Graded on a Curve: Luther Russell,
Medium Cool

For those who stumbled onto Luther Russell’s Selective Memories: An Anthology back in 2017, the sweet news is that the album teased by that 2CD collection’s final track is hitting stores this week. Medium Cool offers power-pop with an edge, its ten songs hitting the sweet intersection of classicism (a whole lot of classicism), songwriting verve, and inspired delivery that’s fresh for 2019. For those who don’t know the man by name but dig Those Pretty Wrongs, he’s half of that outfit’s creative core with Big Star’s Jody Stephens; suffice it to say that folks appreciative of their collaboration will want to saunter up to Russell’s latest, which is available on vinyl, compact disc, and digital through Fluff & Gravy Records.

The abovementioned Selective Memories anthology did its job quite well, effectively introducing newcomers to a deep and decades-long musical trajectory, specifically Luther Russell’s contribution to ’90s group The Freewheelers and a big hunk of his solo work. It also included enough high-quality unheard material that listeners already hip to guy would likely rate its career retrospective aims as the opposite of superfluous.

Surely many of those fans were immediately chuffed by Selective Memories’ two unreleased cuts from Russell’s early band with Jakob Dylan (The Bootheels) and one by his later, short-lived outfit with Black Crowes guitarist Marc Ford (Federale), but it was just as swank how disc two wrapped with a new song that neither sunk into anticlimax nor downright stank up the joint.

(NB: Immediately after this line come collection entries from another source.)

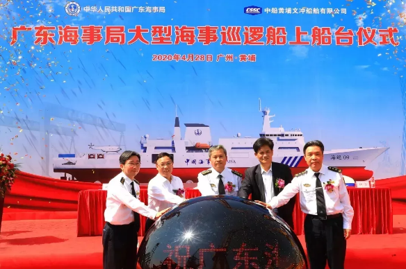 △ 4月28日,七〇一所設(shè)計(jì)的廣東海事局大型海事巡邏船上船臺(tái)。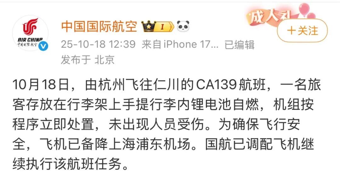 针对行李舱锂电池自燃给消费者带来损失一事,中国国际航空(下称国航)作出补偿。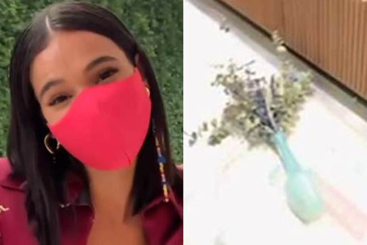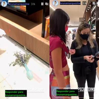Depois de desfilar por várias lojas do local com um look bem estiloso, a atriz acabou sem querer quebrando um vaso. Além de compartilhar o momento que quebrou a peça de decoração, ela também compartilhou o momento que pagava pelo vaso quebrado com cartão de crédito.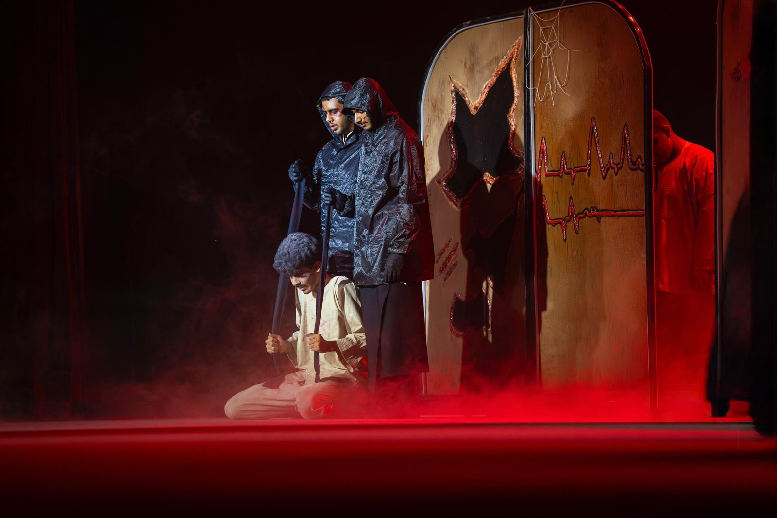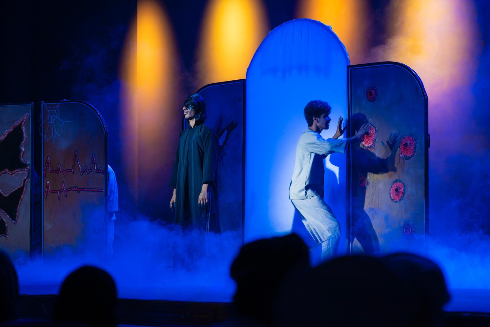 واعتمد العرض على ثنائية العتمة والنور كإطار درامي يعكس تحولات النفس الإنسانية، مسلطًا الضوء على قضايا اجتماعية، من أبرزها الإدمان، والتفكك الأسري، والاغتراب النفسي، إلى جانب تأثير القرارات الفردية في تشكيل المصير الإنساني. كما تميز بتوظيف بصري لافت قائم على رمزية الأبواب السبعة، التي جسدت مراحل الانتقال من الضياع إلى الإدراك، في معالجة مسرحية ذات بعد توعوي ورسائل إنسانية مؤثرة.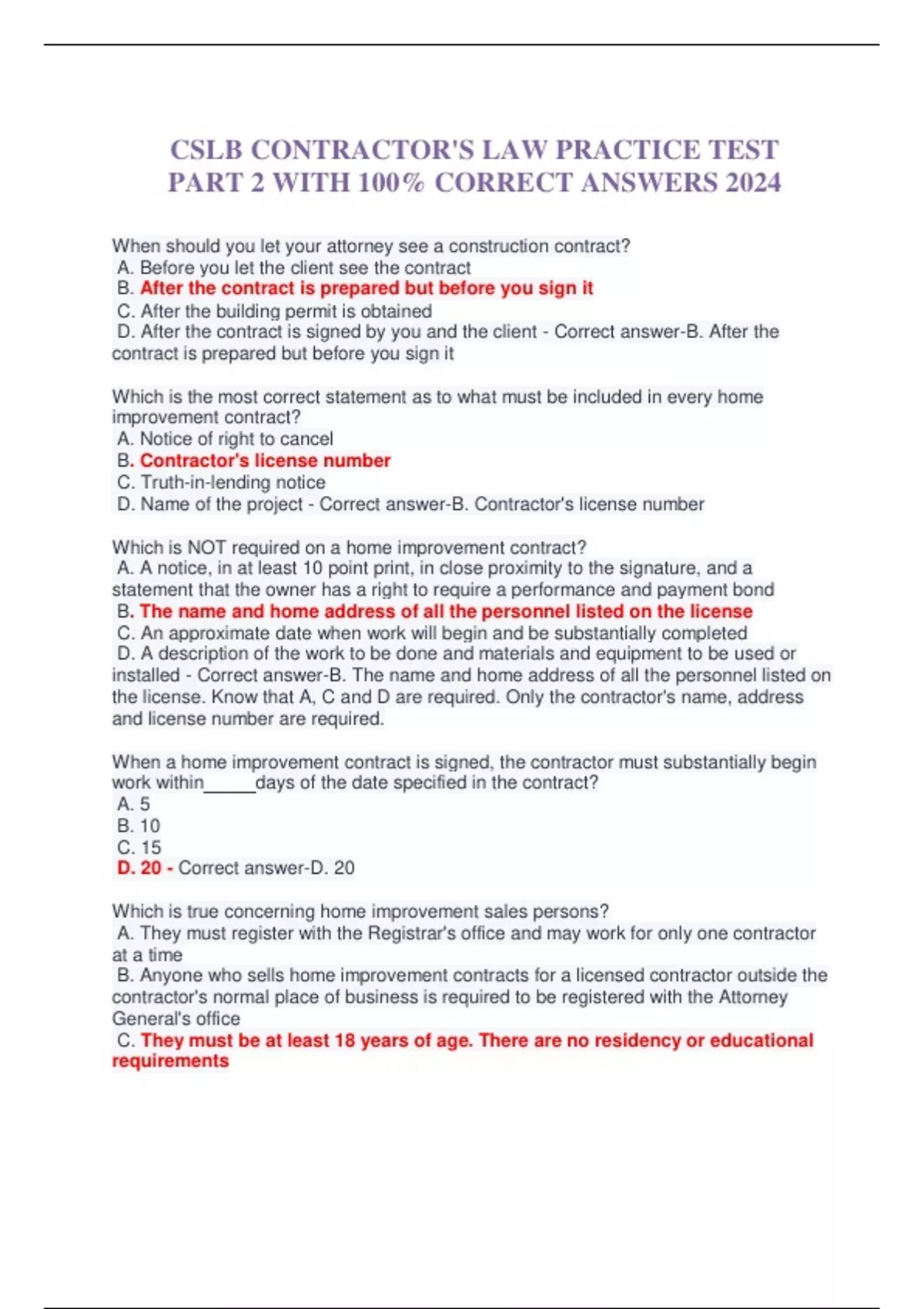 CSLB CONTRACTOR'S LAW PRACTICE TEST PART 2 WITH 100% CORRECT ANSWERS 2024

‘Twas just the reverse, as “The Sound of Rock & Roll” found Russell getting back to something like his roots and with heavy emphasis on Big Star; in the right hands, that’s never a bad thing. To the contrary, it’s very good thing, a splendid thing even, and Russell’s hands are right as a late-afternoon rain shower in the midst of April.

Last November Fluff & Gravy put “The Sound of Rock & Roll” out on a 45, though I didn’t reconnect with it at the time. However, I did just catch up with the jangle potency of its B-side “Saturday’s Child,” a track from the sessions for Medium Cool that didn’t make the album cut, and its quality is far from negligible. Indeed, Russell fans who missed it upon initial release should seek it out, as copies are still available. The same is true for interested newbies.

But it’s the new LP that’s the subject of this review, and I first soaked it up through a casual spin. Everything was unwinding just fine, and then along came track three: “Hey, whose song is this?” I uttered. Well, it turned out to be “The Sound of Rock & Roll,” which I hadn’t heard for the better part of a year. In a world of pale imitations, Russell dishing out songs that might get you thinking they’re inspired cover tunes is no small achievement.

Although I didn’t think opener “Deep Feelings” was someone else’s song, it does have a characteristic reminiscent of a track from Michael Hurley, Unholy Modal Rounders, and Jeffrey Fredericks & the Clamtones’ masterpiece Have Moicy! I’m guessing that’s just a coincidence, and to these ears it’s a fucking cool one. Clearly deliberate is the hard-edged guitar tone; throughout Medium Cool it does nothing to interfere with the catchy thrust of Russell’s writing, instead lending the songs toughness. This is especially the case as second track “Can’t Be Sad” progresses toward its conclusion.

As said, the music here is intrinsically tied to the sound of power-pop’s glory days, but it’s often just as linked to ’70s melodic rock in general, or more to the point the realms of the classic rock sphere that wanted to get back to the pre-excess ’60s root. Through a combo of form and lyrical themes, “Corvette Summer” is probably the record’s apex in this regard.

What’s impressive is how Russell manages to avoid going overboard in tapping into the past. “Have You Heard” is neck deep in a blend of hooks and swagger reminding me of prime Modern Lovers crossed with Radio City (the inclination to look back emotionally with thoughts about rock ‘n’ roll intensifying this feeling), but it’s preceded by “At Your Feet,” an acoustic strummer that could easily please those favoring the less experimental side of Wilco, and it’s followed by “Sad Lady,” a groove rocker lending the power pop core touches of the Faces; there’s even some non-noxious cowbell thunking.

A danger with this sort of approach is a fallback onto lyrical clichés, but Russell has a lot to say throughout Medium Cool, with “Talking to Myself” nicely extending melodic-rock’s introspective tradition without getting all sad-boy or bitter in the process. Instrumentally, the root is The Byrds. “Blue Balloon” again brings Jeff Tweedy to mind, but as it unfurls there are hints of Rundgren in the land of AOR and eventually a bigger, albeit brief helping of Abbey Road.

You might be thinking all this is destined for a power-pop doozy of a conclusion, but Russell pulls a switcheroo and serves up a strummer as finale with “Can’t Turn Away,” and that’s alright. In fact, the whole of Medium Cool is more than alright; I can hardly wait for the weather to get nice enough that I can play this in the car with the volume up, the windows down and my foot firmly on the gas pedal.